EXERCISE GOAL ▸ Without the pictures, restate all of the data below word for word.

SOURCE DATA ▸
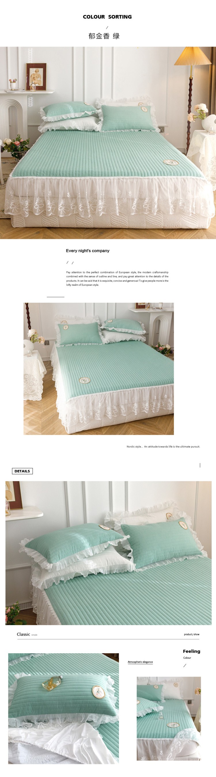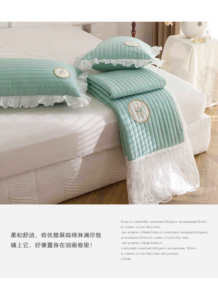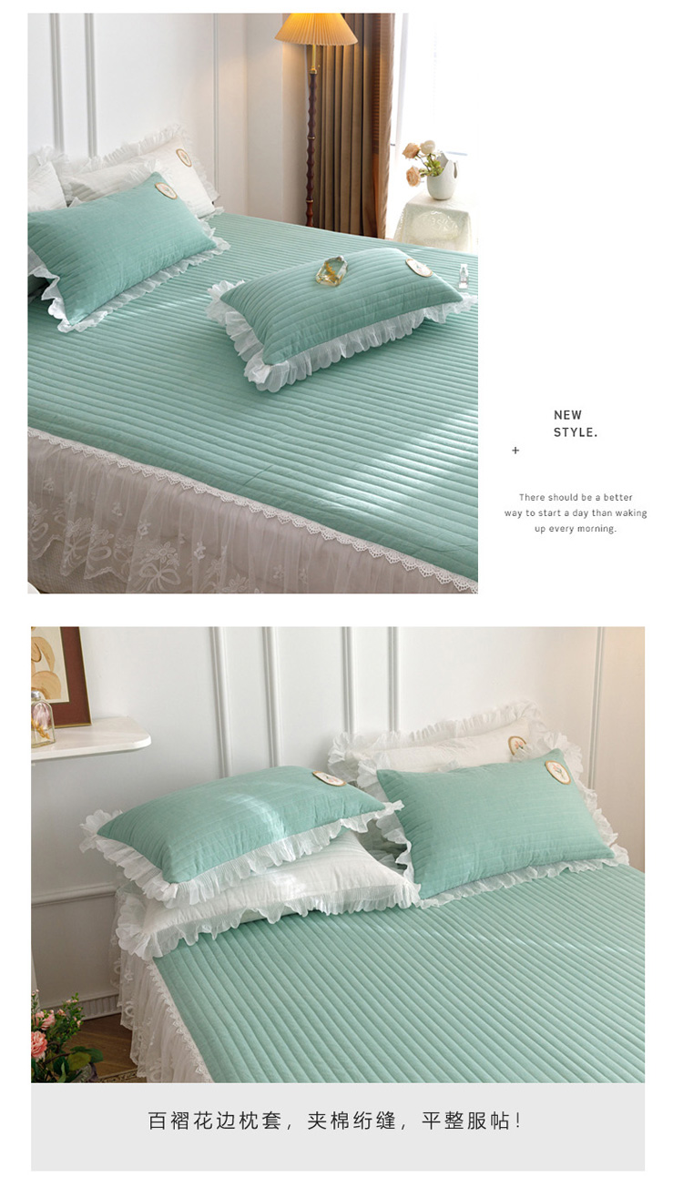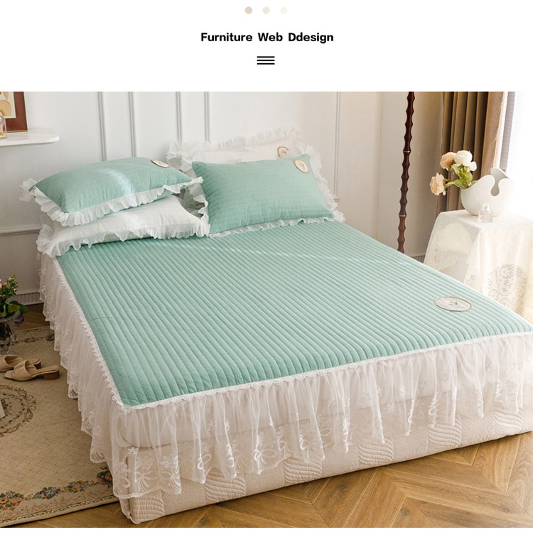 • 91家纺网 家纺一手货源 找家纺 菊上  2022新款色织水洗棉床裙床笠-郁金香 绿
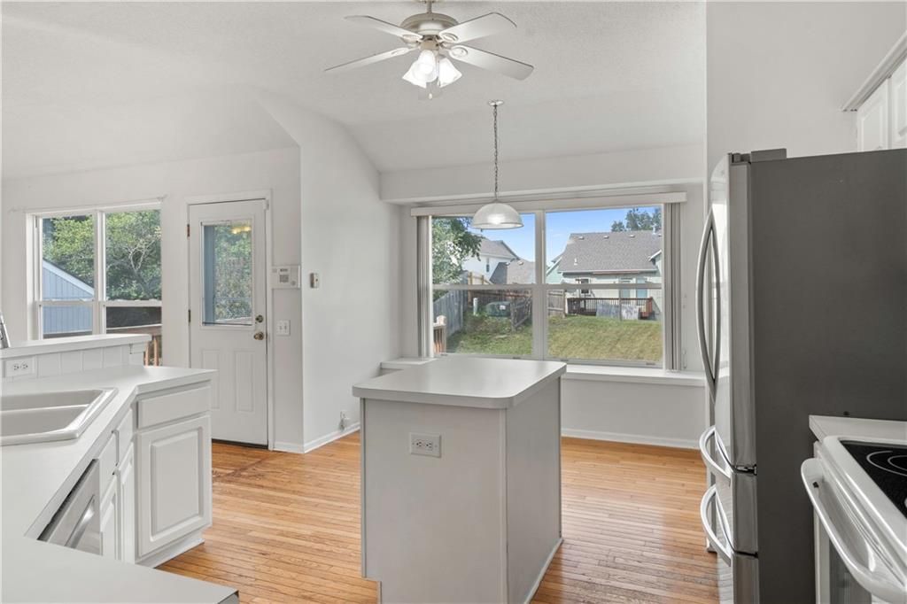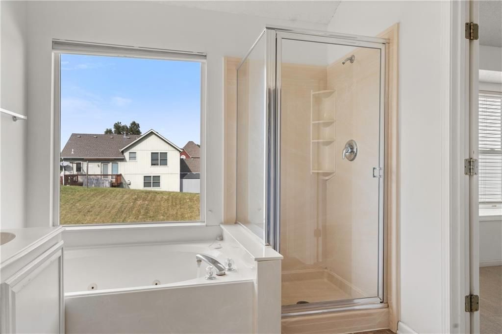 Don't miss out on this fantastic opportunity in a fabulous Northland KC Neighborhood. Large primary bedroom with a spacious primary bath. Plenty of open spaces with lots of natural light make the living areas fell fresh and clean. An elevated deck leads out to an open and sunny backyard ready for entertaining. Garage level basement space with natural light could make a 4th bedroom with ensuite bath. This home is ready to make your own!
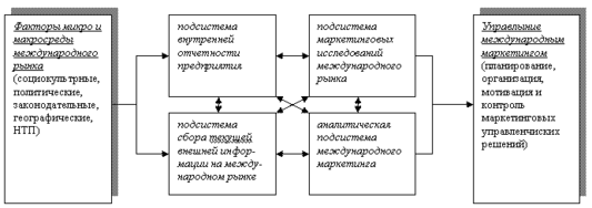 - подсистема маркетинговых исследований международного рынка: способы связи с определенным зарубежным рынком и внутренней средой предприятия, которые предоставляют возможность оперировать информацией, получение которой требует проведения отдельного исследования;
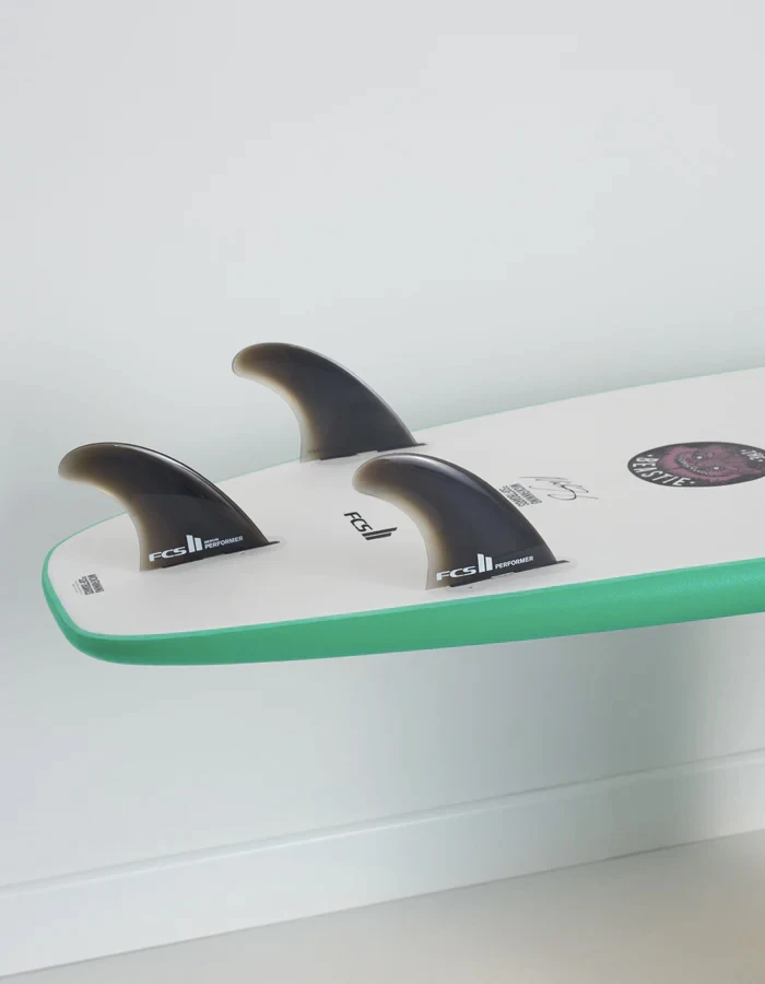 The Beastie has been designed to be the ultimate fun board. The volume is really well distributed for such a large board. The outline is generous, providing a stable platform for catching waves perfect for those looking to progress their surfing to the next level or for the surfer looking for an alternative to a longboard. The tail width provides lift and acceleration in the weakest waves creating a super generous sweet spot!
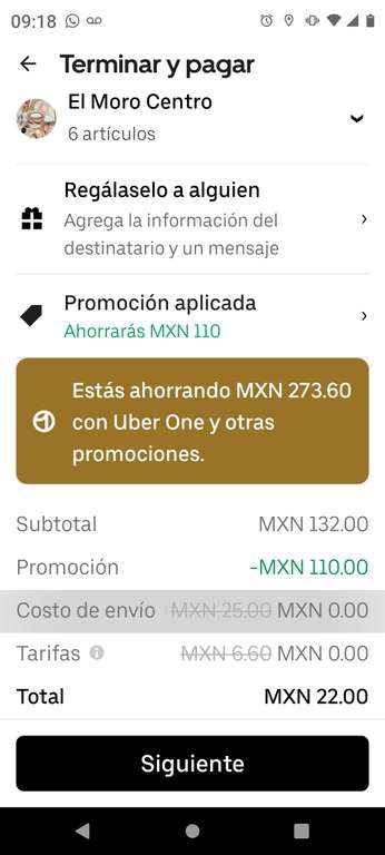 Uber EatsVuelve a estar disponible la promoción de 6 ordenes de churros por $22 tienes que ser miembro one y es valido únicamente si no haz pedido anteriormente en la tienda.
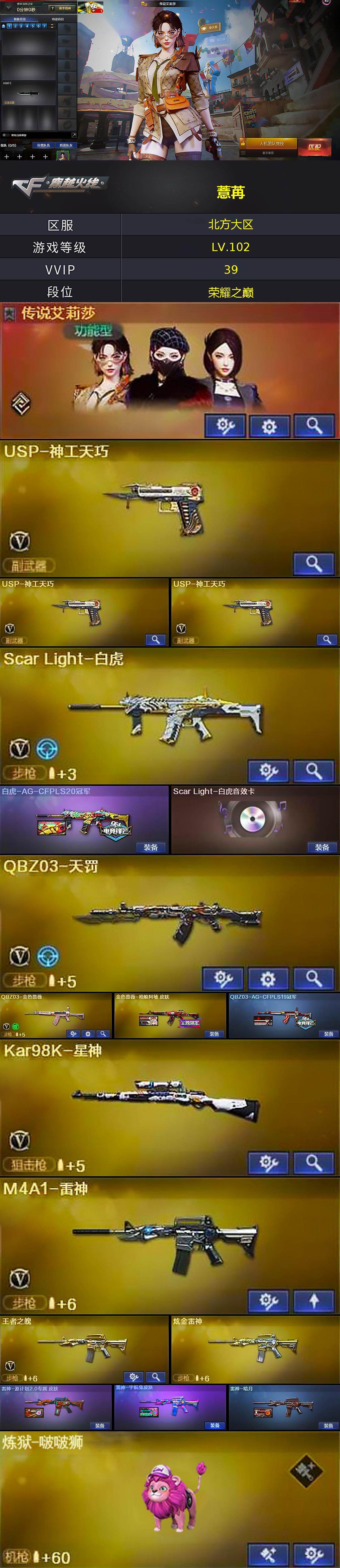 【ky6723】北方大区-43V-24王者武器数-2炫金武器数【传说角色】:传说艾莉莎【热门武器】:QBZ03-金色蔷薇,Scar Light-白虎,Kar98K-星神,M4A1-黑骑士,COP-白鲨,沙鹰-修罗*2【王者炫金武器】:王者青龙,王者之霆,王者玉锋,王者之魄高爆手雷*5,王者之魄闪光弹*5,王者之魄烟雾弹*5,炫金火麒麟,炫金雷神【音效卡】:屠龙-电竞之星-竞星跃动音效卡,AK47-火麒麟音效卡,M4A1-黑骑士音效卡,Scar Light-白虎音效卡,Barrett-碧霄极光音效

RESPONSE ▸
 • 91家纺网 家纺一手货源 找家纺 菊上  2022新款色织水洗棉床裙床笠-郁金香 绿
 Don't miss out on this fantastic opportunity in a fabulous Northland KC Neighborhood. Large primary bedroom with a spacious primary bath. Plenty of open spaces with lots of natural light make the living areas fell fresh and clean. An elevated deck leads out to an open and sunny backyard ready for entertaining. Garage level basement space with natural light could make a 4th bedroom with ensuite bath. This home is ready to make your own!
 - подсистема маркетинговых исследований международного рынка: способы связи с определенным зарубежным рынком и внутренней средой предприятия, которые предоставляют возможность оперировать информацией, получение которой требует проведения отдельного исследования;
 The Beastie has been designed to be the ultimate fun board. The volume is really well distributed for such a large board. The outline is generous, providing a stable platform for catching waves perfect for those looking to progress their surfing to the next level or for the surfer looking for an alternative to a longboard. The tail width provides lift and acceleration in the weakest waves creating a super generous sweet spot!
 Uber EatsVuelve a estar disponible la promoción de 6 ordenes de churros por $22 tienes que ser miembro one y es valido únicamente si no haz pedido anteriormente en la tienda.
 【ky6723】北方大区-43V-24王者武器数-2炫金武器数【传说角色】:传说艾莉莎【热门武器】:QBZ03-金色蔷薇,Scar Light-白虎,Kar98K-星神,M4A1-黑骑士,COP-白鲨,沙鹰-修罗*2【王者炫金武器】:王者青龙,王者之霆,王者玉锋,王者之魄高爆手雷*5,王者之魄闪光弹*5,王者之魄烟雾弹*5,炫金火麒麟,炫金雷神【音效卡】:屠龙-电竞之星-竞星跃动音效卡,AK47-火麒麟音效卡,M4A1-黑骑士音效卡,Scar Light-白虎音效卡,Barrett-碧霄极光音效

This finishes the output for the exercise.